- EXCERPTED DATA
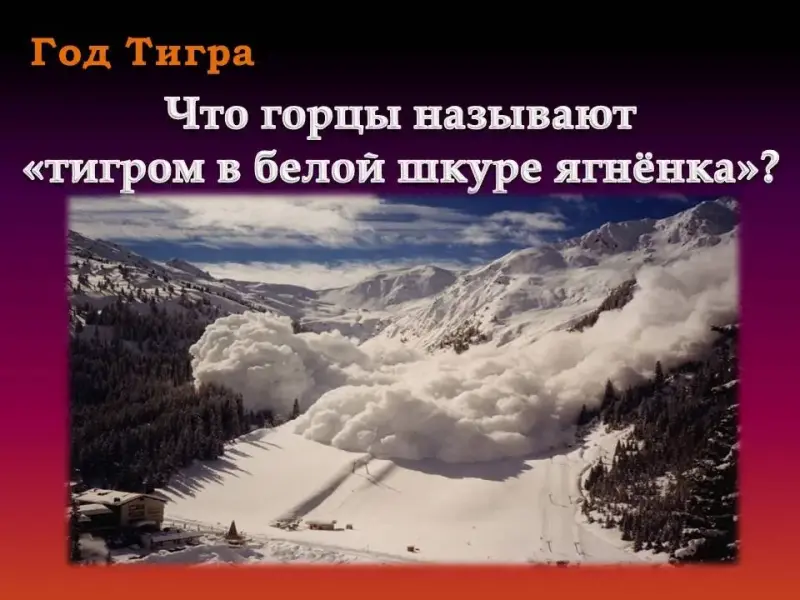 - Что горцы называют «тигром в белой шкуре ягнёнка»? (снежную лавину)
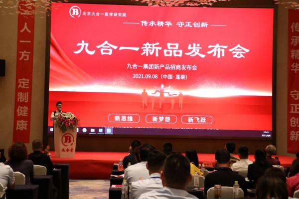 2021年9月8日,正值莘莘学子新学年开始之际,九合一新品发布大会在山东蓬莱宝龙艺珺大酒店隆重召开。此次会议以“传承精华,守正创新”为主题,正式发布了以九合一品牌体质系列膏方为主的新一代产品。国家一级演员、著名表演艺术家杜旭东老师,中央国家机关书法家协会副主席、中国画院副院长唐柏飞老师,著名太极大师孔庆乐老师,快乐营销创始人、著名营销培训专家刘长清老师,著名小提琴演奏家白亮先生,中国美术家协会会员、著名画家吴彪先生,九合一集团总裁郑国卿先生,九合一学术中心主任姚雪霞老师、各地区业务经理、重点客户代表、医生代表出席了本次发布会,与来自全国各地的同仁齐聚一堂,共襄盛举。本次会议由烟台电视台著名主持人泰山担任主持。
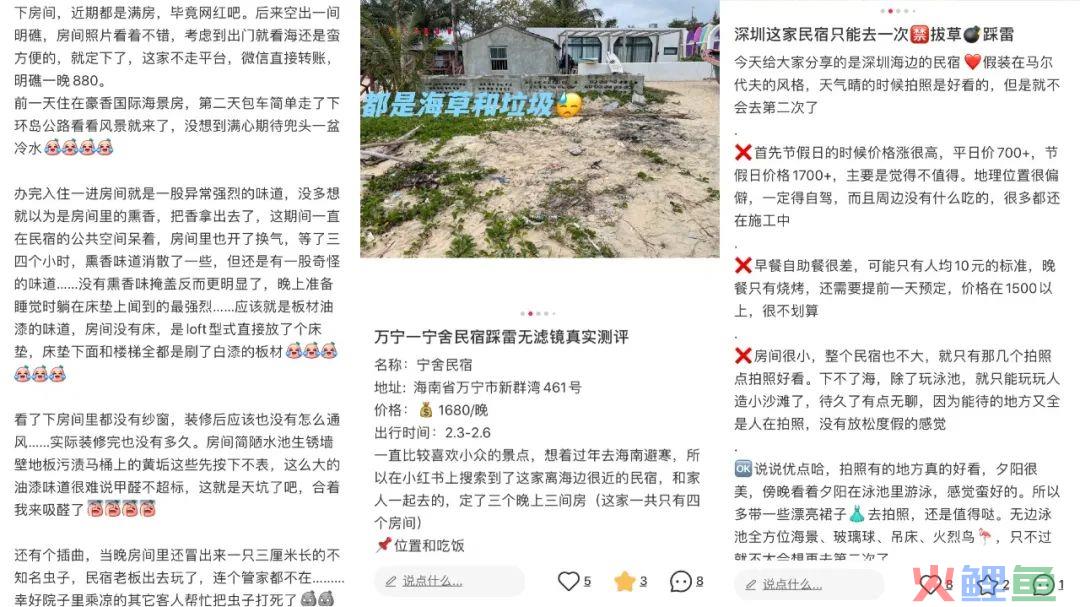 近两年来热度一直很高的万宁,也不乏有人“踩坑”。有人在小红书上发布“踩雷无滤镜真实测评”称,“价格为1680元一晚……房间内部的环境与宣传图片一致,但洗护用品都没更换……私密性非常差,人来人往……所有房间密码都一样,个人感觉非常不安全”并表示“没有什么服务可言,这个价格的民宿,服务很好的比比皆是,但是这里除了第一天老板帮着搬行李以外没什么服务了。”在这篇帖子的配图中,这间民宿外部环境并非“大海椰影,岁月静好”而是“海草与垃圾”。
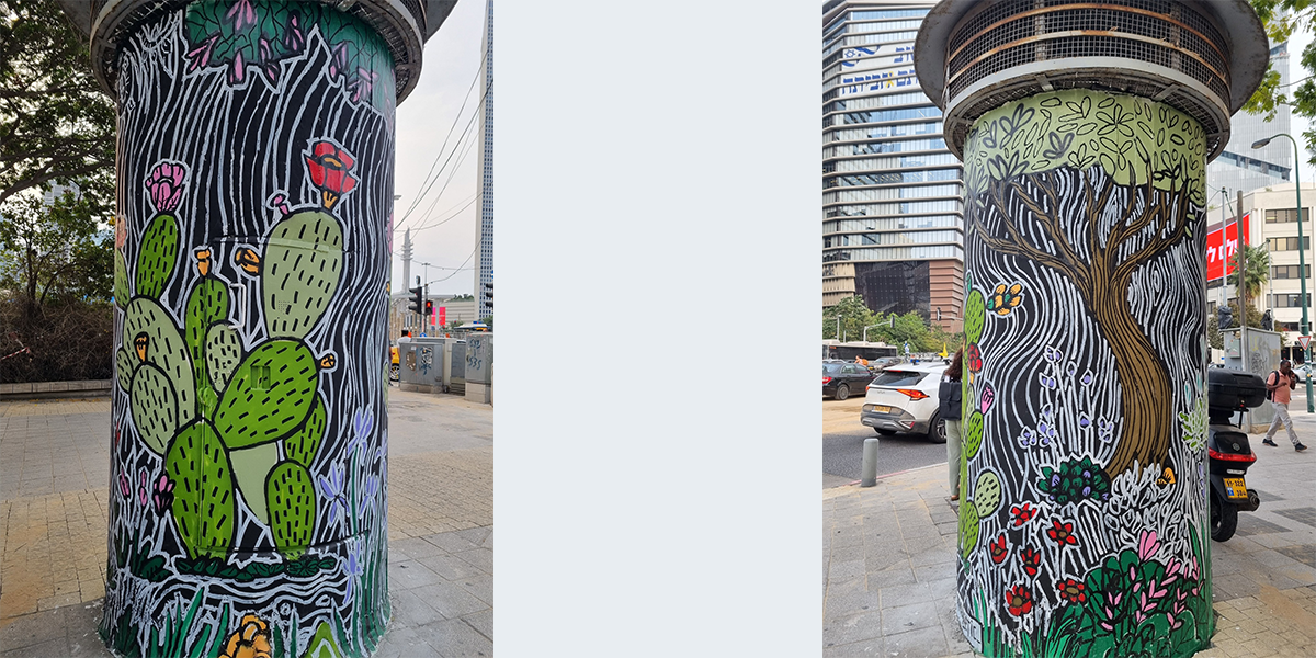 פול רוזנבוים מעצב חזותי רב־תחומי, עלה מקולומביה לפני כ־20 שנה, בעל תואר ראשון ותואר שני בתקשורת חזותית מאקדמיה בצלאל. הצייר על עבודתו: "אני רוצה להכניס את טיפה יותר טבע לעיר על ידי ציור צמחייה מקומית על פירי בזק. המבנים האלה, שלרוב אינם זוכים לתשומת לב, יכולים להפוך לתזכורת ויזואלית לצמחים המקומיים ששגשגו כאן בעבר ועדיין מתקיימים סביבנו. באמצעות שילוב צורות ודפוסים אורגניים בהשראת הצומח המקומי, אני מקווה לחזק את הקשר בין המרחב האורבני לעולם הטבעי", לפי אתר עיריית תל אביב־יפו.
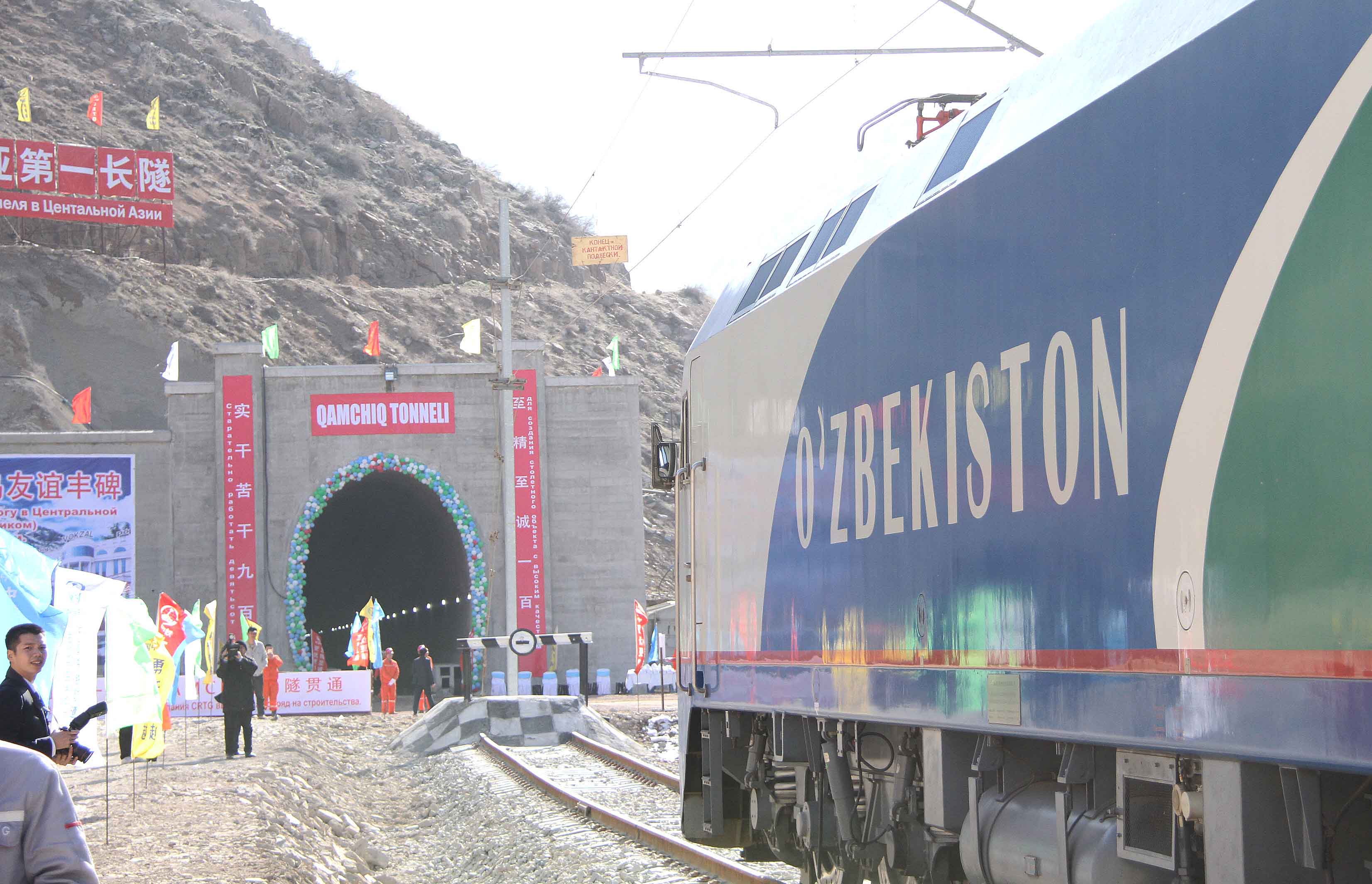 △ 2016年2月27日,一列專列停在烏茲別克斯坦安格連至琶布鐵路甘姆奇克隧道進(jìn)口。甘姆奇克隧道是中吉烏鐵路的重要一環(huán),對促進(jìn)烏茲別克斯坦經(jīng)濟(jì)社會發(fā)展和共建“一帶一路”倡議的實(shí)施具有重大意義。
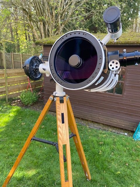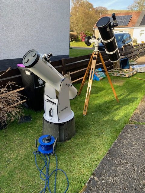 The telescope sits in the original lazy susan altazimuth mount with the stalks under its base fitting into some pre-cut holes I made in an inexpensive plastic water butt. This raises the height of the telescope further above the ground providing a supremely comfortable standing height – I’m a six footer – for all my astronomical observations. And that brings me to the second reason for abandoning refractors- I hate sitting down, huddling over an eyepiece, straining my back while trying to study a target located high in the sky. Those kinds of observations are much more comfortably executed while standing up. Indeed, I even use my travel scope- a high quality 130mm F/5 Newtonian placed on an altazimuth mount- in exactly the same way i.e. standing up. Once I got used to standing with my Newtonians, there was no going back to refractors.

- BRIEF
Each line of the data needs to be output exactly, with any image excluded.

- EXERCISE OUTPUT
 - Что горцы называют «тигром в белой шкуре ягнёнка»? (снежную лавину)
 2021年9月8日,正值莘莘学子新学年开始之际,九合一新品发布大会在山东蓬莱宝龙艺珺大酒店隆重召开。此次会议以“传承精华,守正创新”为主题,正式发布了以九合一品牌体质系列膏方为主的新一代产品。国家一级演员、著名表演艺术家杜旭东老师,中央国家机关书法家协会副主席、中国画院副院长唐柏飞老师,著名太极大师孔庆乐老师,快乐营销创始人、著名营销培训专家刘长清老师,著名小提琴演奏家白亮先生,中国美术家协会会员、著名画家吴彪先生,九合一集团总裁郑国卿先生,九合一学术中心主任姚雪霞老师、各地区业务经理、重点客户代表、医生代表出席了本次发布会,与来自全国各地的同仁齐聚一堂,共襄盛举。本次会议由烟台电视台著名主持人泰山担任主持。
 近两年来热度一直很高的万宁,也不乏有人“踩坑”。有人在小红书上发布“踩雷无滤镜真实测评”称,“价格为1680元一晚……房间内部的环境与宣传图片一致,但洗护用品都没更换……私密性非常差,人来人往……所有房间密码都一样,个人感觉非常不安全”并表示“没有什么服务可言,这个价格的民宿,服务很好的比比皆是,但是这里除了第一天老板帮着搬行李以外没什么服务了。”在这篇帖子的配图中,这间民宿外部环境并非“大海椰影,岁月静好”而是“海草与垃圾”。
 פול רוזנבוים מעצב חזותי רב־תחומי, עלה מקולומביה לפני כ־20 שנה, בעל תואר ראשון ותואר שני בתקשורת חזותית מאקדמיה בצלאל. הצייר על עבודתו: "אני רוצה להכניס את טיפה יותר טבע לעיר על ידי ציור צמחייה מקומית על פירי בזק. המבנים האלה, שלרוב אינם זוכים לתשומת לב, יכולים להפוך לתזכורת ויזואלית לצמחים המקומיים ששגשגו כאן בעבר ועדיין מתקיימים סביבנו. באמצעות שילוב צורות ודפוסים אורגניים בהשראת הצומח המקומי, אני מקווה לחזק את הקשר בין המרחב האורבני לעולם הטבעי", לפי אתר עיריית תל אביב־יפו.
 △ 2016年2月27日,一列專列停在烏茲別克斯坦安格連至琶布鐵路甘姆奇克隧道進(jìn)口。甘姆奇克隧道是中吉烏鐵路的重要一環(huán),對促進(jìn)烏茲別克斯坦經(jīng)濟(jì)社會發(fā)展和共建“一帶一路”倡議的實(shí)施具有重大意義。
 The telescope sits in the original lazy susan altazimuth mount with the stalks under its base fitting into some pre-cut holes I made in an inexpensive plastic water butt. This raises the height of the telescope further above the ground providing a supremely comfortable standing height – I’m a six footer – for all my astronomical observations. And that brings me to the second reason for abandoning refractors- I hate sitting down, huddling over an eyepiece, straining my back while trying to study a target located high in the sky. Those kinds of observations are much more comfortably executed while standing up. Indeed, I even use my travel scope- a high quality 130mm F/5 Newtonian placed on an altazimuth mount- in exactly the same way i.e. standing up. Once I got used to standing with my Newtonians, there was no going back to refractors.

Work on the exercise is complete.